Criteria for Deceptive Acts
The Federal Deposit Insurance Corporation (FDIC) has outlined certain measures to curb misleading practices. Banks and credit card companies are mandated by law to sufficiently explain the characteristics of a given promotional offer. The information found on advertising literature must be complete. For example, a credit card reward program should not only harp on how much cash a consumer is paid back, but should also detail the provisions and circumstances under which this reward is applicable.
Some credit card companies highlight the cash back offer but fail to disclose details such as up to how much a consumer must spend before the reward is granted, the duration of the promotion, whether this reward is given as a lump sum and so on. Omission of such important details is a clear indication of deception.
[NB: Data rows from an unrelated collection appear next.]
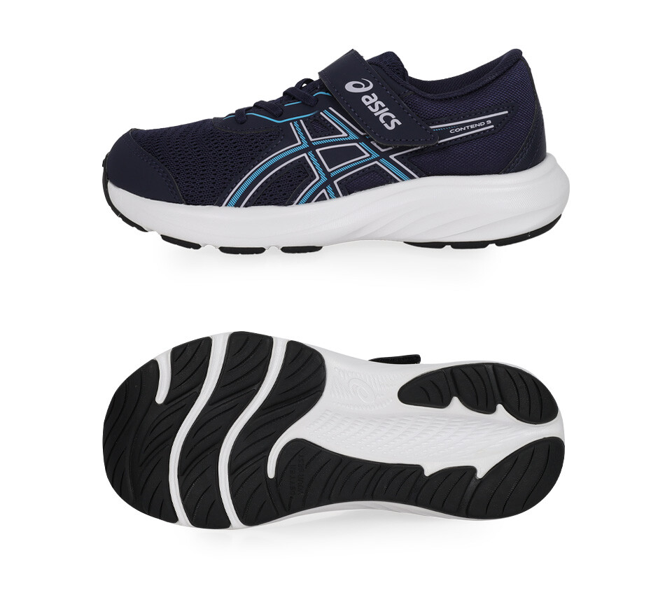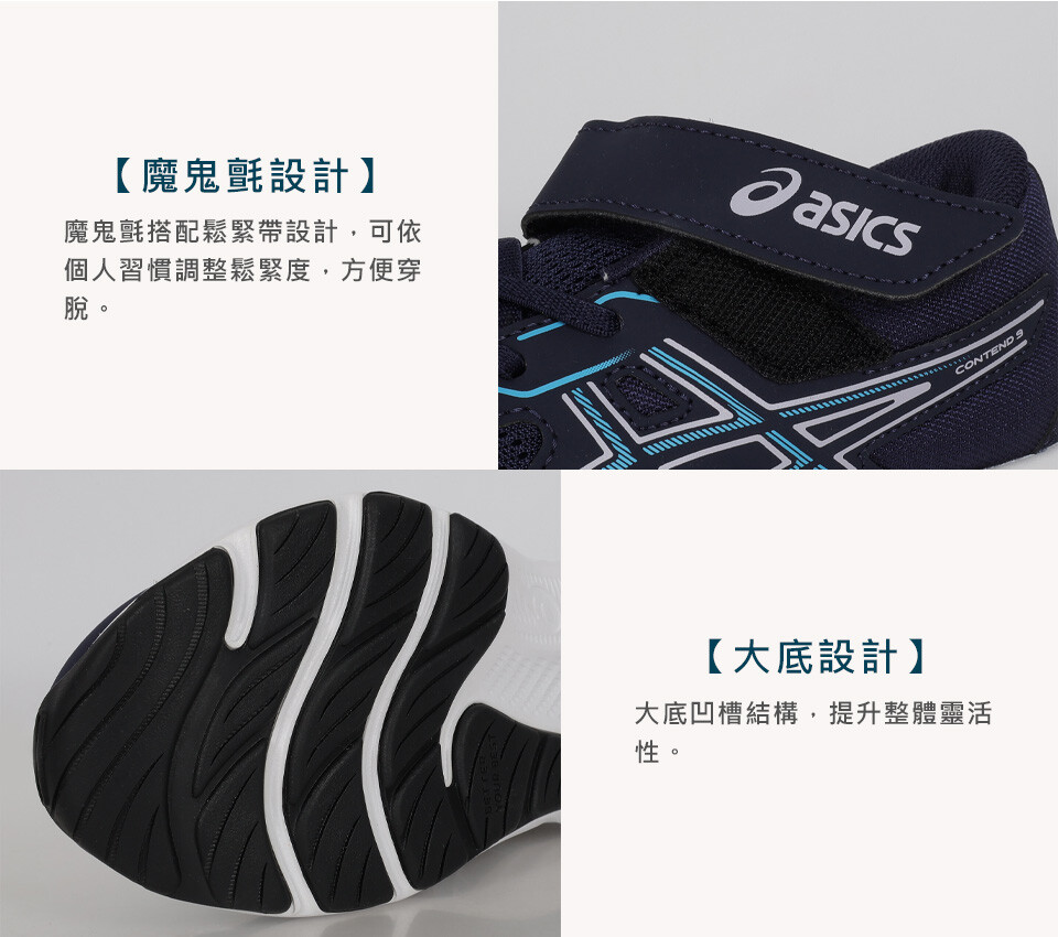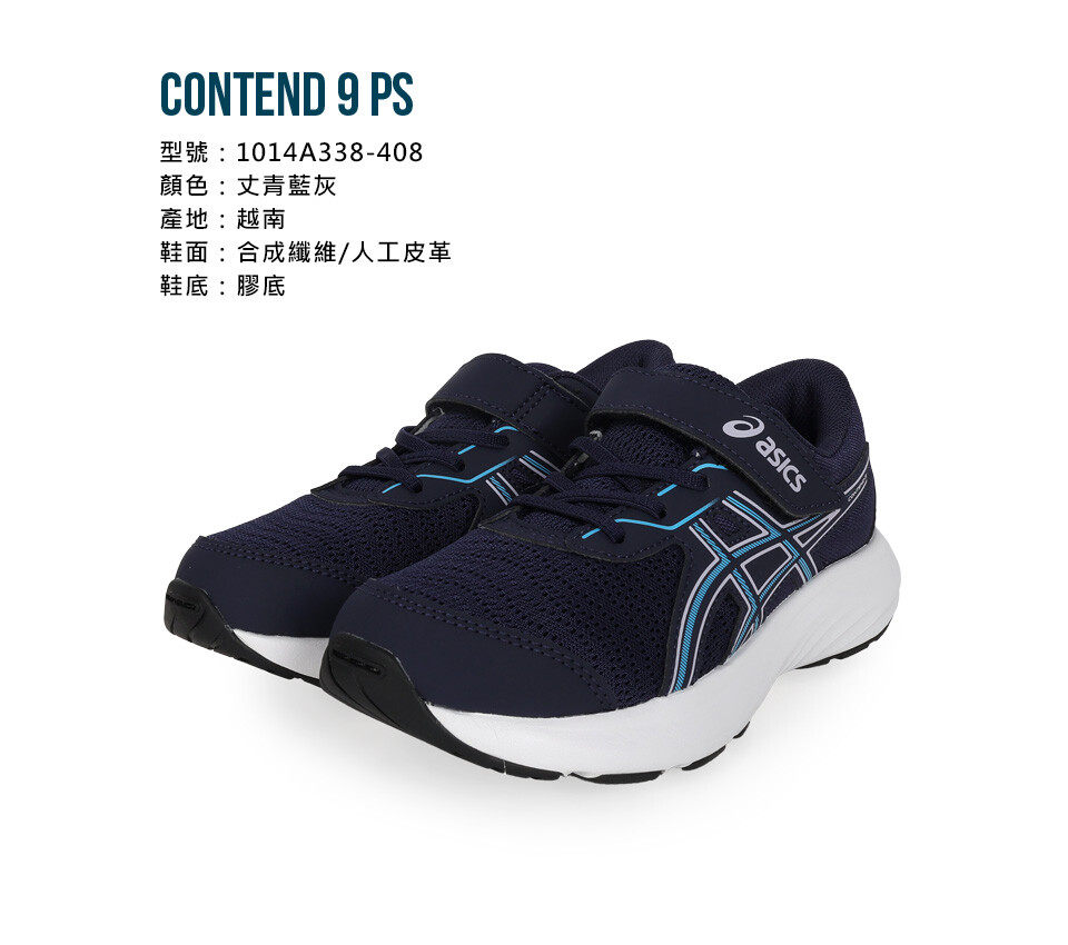 ASICS CONTEND 9 PS男女中童慢跑鞋-魔鬼氈 訓練 運動 丈青藍灰
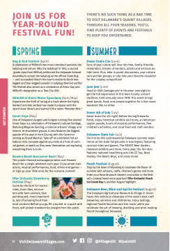 THERE’S NO SUCH THING AS A BAD TIME TO VISIT DELAWARE’S QUAINT VILLAGES. THROUGH ALL FOUR SEASONS, YOU’LL FIND PLENTY OF EVENTS AND FESTIVALS TO KEEP YOU ENTERTAINED.
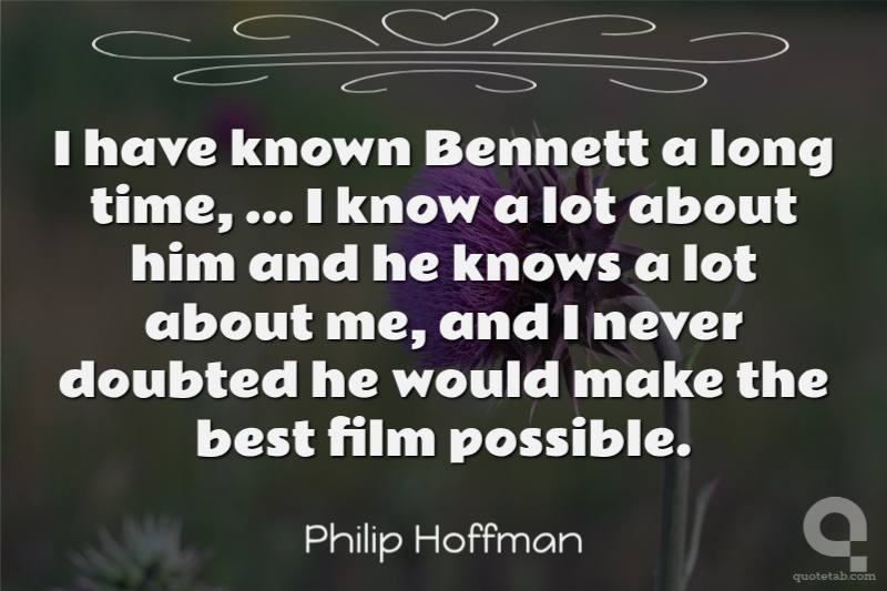 I have known Bennett a long time, ... I know a lot about him and he knows a lot about me, and I never doubted he would make the best film possible. Philip Hoffman

Information on advertisements must not be ambiguous so that the consumer understands what a particular service or product entails. Additionally, any follow up communications with the customer must be able to further clarify the terms and conditions of services or promotions to ensure the customer really understands the intended message.
A Word on Overdrafts
The FDIC along with other regulatory agencies has come up with guidelines as to how services such as courtesy overdrafts should be marketed and communicated to customers. These rules are quite simple but clearly, a lot of banks don’t follow these rules.
First, all fees associated with the overdraft program must be divulged. This includes transaction fees, interest rates, penalty fees and so on. Banks should also disclose in what instances these fees will be imposed. Will the customer be charged per transaction, is there a daily charge and so on.
There are even rules on proper notification regarding overdraft protection usage. I f possible, the bank should inform customers if a particular transaction will bring about any overdraft fees and they should be given an opportunity to opt out of the transaction. The bank should also provide notification to the customer once he has accessed the overdraft program. Details such as overdraft amount, fees incurred from the transaction, how much the customer needs to repay the draft should be outlined in the notice.
What to Do
If you believe you have been subjected to misleading practices you can issue a complaint to the bank. You should first try to resolve the matter directly with them before attempting any other measures.
Should this fail, you can ask for assistance from the consumer helpline of the Federal Reserve. You can file a complaint online, through fax or through snail mail. Your complaint letter should contain your name and account details, the name of the bank and the representatives that you’ve dealt with as well as a detailed explanation of your problem.